We can go months without talking about Jenny McCarthy, so isn’t it interesting that suddenly she wants attention right now? She attended the Grammy Awards with her husband, Donnie Wahlberg, because he was a presenter. Jenny decided to debut her new hairstyle: Smurf blue hair. It did not go over well, possibly because Jenny’s so full of Botox and bulls–t that people rightly assumed she was just pulling a dumb-famewhore stunt rather than “oh, I’m so fun and vivacious!” She looked like a Disney villain.
Well, Jenny still has blue hair, and she still wants attention. Which is why she and Donnie attended the Leather & Laces Super Bowl LII party in Minneapolis this weekend. They walked the red carpet and everything. I guess it’s not that big of a deal – I mean, it’s not like she has a lot of sh-t on her plate these days? Of course they could travel to Minneapolis to attend the parties and the Super Bowl. Donnie is a big Patriots fan – the whole Wahlberg family is ride-or-die for the Pats and Tom Brady. So it’s sort of funny that LOOK AT ME Jenny McCarthy’s team lost, right?
I guess what’s notable here is that Jenny is really leaning into the Disney Villainess thing with her blue helmet hair. She looks like Cruella de Vil scalped some Muppets to make a f–ked up wig.
Photos courtesy of WENN.
Yikes! She looks really harsh and tired. Hair & makeup doing her no favors.
Is it me or is she turning into Jenna Jameson here???
Donnie isn’t impressed either.
For an anti-vaxxer she does play very well the Billboard of Botox
Exactly. She’s fine with filling herself with silicone, Botox, and fillers, but heaven forbid children get vaccinated against preventable disease.
I would love for this anti-science ignoramus to go away and never come back on the public stage. She’s done enough damage.
They both make my skin crawl.
Anti-vaccine but pro plastic surgery and Botox? Clearly there’s some risks she doesn’t care about. The hair is well colored, but looks dumb on her. However, this could be bias because I find her to be an absolute moron.

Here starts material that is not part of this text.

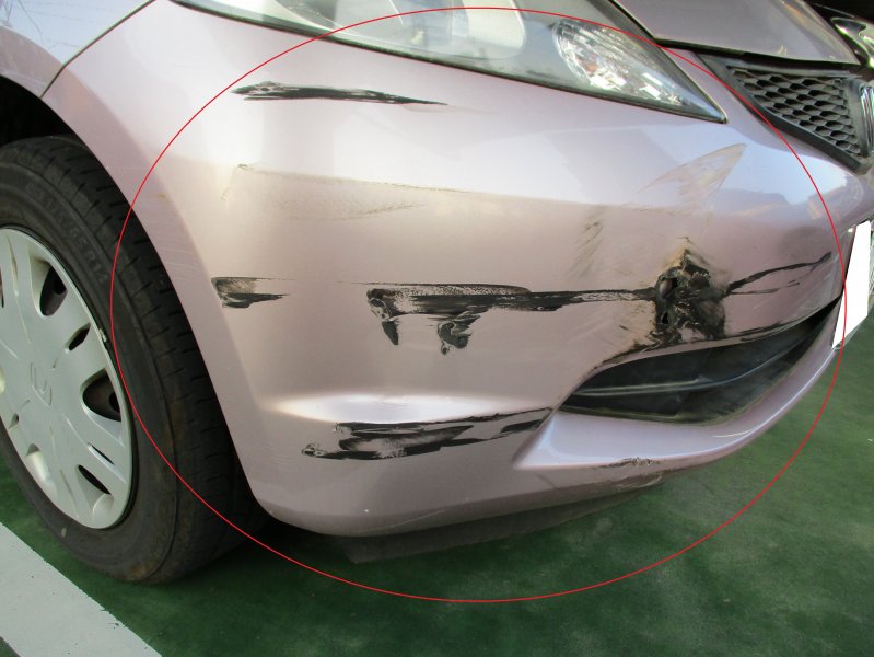 【三鷹市・武蔵野市・小金井市・府中市・調布市・杉並区・世田谷区】 フィット フロントバンパー キズへこみ修理

I wonder what’s going on with her hands that she always wears those little gloves now. Aging?
The blue hair is aging. I find this kind of a boring trend that has had it’s day.
Why oh why does this woman look so old in her forties?
I don’t give a toss about her but i like the hair color alone. Cos it’s blue and I’m a sucker for blue.
I like the blue too. It reminds me of “Joy” from Inside Out. I just don’t like her. She spreads pestilence, not joy.
Ugh Jenny. Just go away please.
And yes, she is full of fillers, plastic surgery and implants. She looks harsh and I see a bitterness in her looks. Trying to hang on to her “fame” at any cost. Did she not save any money? Why is she still getting press?
I feel like famous people never save money. They feel like they will be famous forever so spend everything on their ridiculous lifestyles instead of being smart about it.
She’s turning into Ursula from The Little Mermaid.
(The glove thing has to do with recovery from laser and chemical peels.)
Looks like she has a new set of boobs, they’re still riding a little high. I love the dress, though. I was surprised to see that it was floor length.
I don’t mind the blue hair, but it isn’t right for her. It ages her terribly.
The hair is pretty try-hard but I don’t think she looks that terrible.
Well, she’s dumb, so her hair matches.
i think she is red hot
I had that colour hair, and you can see if you look closely that it is fading to a blue-green. It’ll eventually end up turquoise, and it’s hellaciously difficult to get out. She’ll probably want to change it, her hairdresser will say “this will take six months” and she’ll just buzz it and get press for that. Or if she doesn’t look good with buzzed hair, she’ll wear wigs; it’s not like her regular hair isn’t teased into wiglike styles anyway.